Information shown —
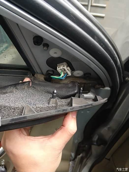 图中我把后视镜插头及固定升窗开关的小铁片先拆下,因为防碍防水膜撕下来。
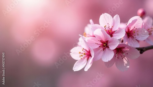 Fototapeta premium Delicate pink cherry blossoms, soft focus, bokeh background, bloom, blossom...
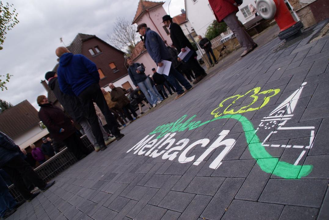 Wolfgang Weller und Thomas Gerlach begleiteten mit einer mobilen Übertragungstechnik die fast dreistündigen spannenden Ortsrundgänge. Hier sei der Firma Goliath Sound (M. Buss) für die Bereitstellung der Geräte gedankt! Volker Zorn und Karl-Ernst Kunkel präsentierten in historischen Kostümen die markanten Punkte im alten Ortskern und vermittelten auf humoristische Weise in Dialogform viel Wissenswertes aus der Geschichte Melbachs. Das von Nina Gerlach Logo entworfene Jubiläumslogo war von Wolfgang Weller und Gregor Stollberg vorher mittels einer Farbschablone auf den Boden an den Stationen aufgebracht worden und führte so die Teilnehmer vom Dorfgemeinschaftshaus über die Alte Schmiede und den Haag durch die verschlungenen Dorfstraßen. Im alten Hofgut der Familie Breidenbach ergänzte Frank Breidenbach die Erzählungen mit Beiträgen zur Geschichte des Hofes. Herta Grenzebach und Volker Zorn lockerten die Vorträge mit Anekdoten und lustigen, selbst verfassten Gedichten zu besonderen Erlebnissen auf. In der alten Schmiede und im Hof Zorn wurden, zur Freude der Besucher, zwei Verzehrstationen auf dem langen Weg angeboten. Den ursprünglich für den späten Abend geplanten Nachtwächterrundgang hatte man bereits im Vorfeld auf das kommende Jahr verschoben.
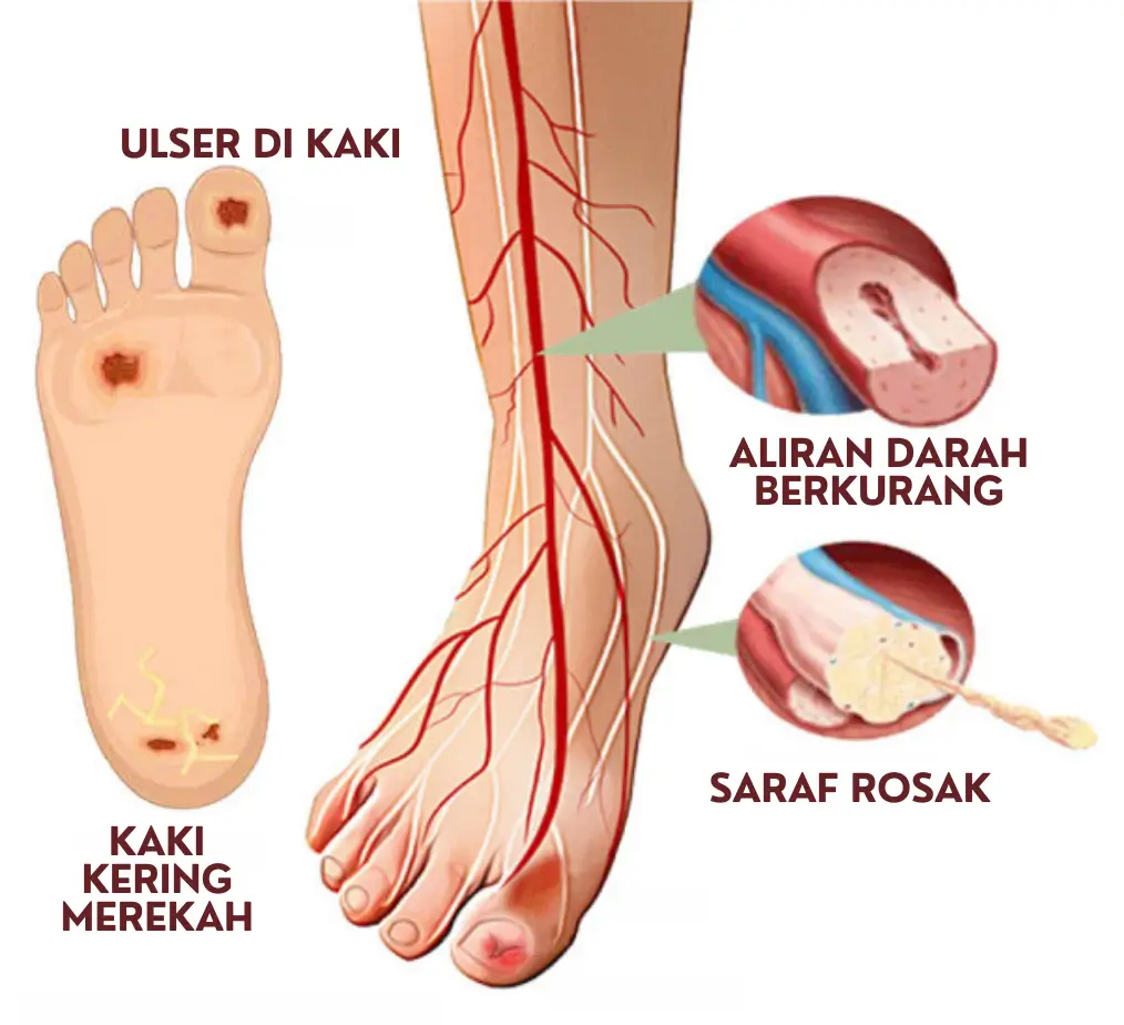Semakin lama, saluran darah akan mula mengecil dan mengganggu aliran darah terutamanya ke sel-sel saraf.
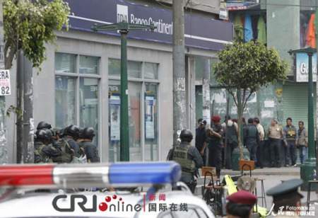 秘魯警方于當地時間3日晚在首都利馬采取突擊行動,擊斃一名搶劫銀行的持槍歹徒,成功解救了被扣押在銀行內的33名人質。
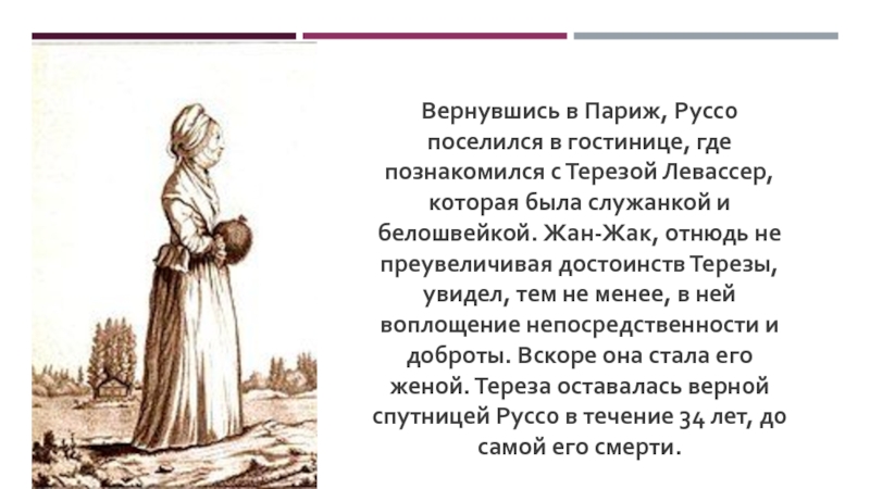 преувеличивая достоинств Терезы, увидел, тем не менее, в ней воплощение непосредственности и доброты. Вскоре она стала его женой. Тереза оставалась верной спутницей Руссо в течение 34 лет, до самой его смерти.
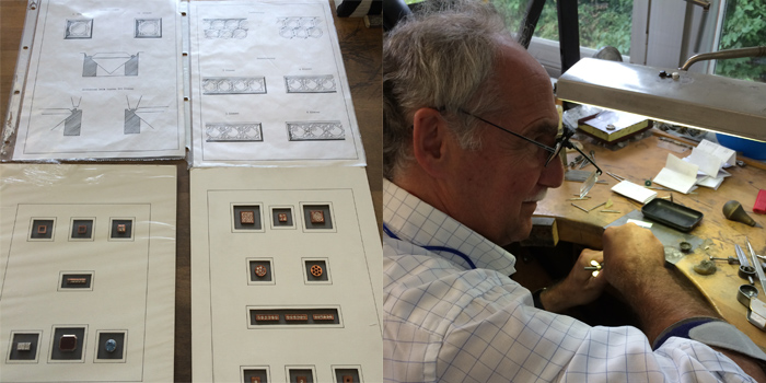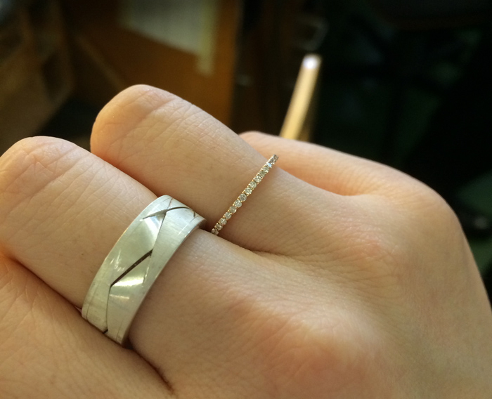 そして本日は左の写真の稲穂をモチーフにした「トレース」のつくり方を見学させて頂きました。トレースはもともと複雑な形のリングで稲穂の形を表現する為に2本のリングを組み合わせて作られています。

Your goal — Write out each line exactly, from the one containing "преувеличивая достоинств Терезы, увидел, тем" through the end of the entries, and skip the pictures.

Expected answer —
 преувеличивая достоинств Терезы, увидел, тем не менее, в ней воплощение непосредственности и доброты. Вскоре она стала его женой. Тереза оставалась верной спутницей Руссо в течение 34 лет, до самой его смерти.
 そして本日は左の写真の稲穂をモチーフにした「トレース」のつくり方を見学させて頂きました。トレースはもともと複雑な形のリングで稲穂の形を表現する為に2本のリングを組み合わせて作られています。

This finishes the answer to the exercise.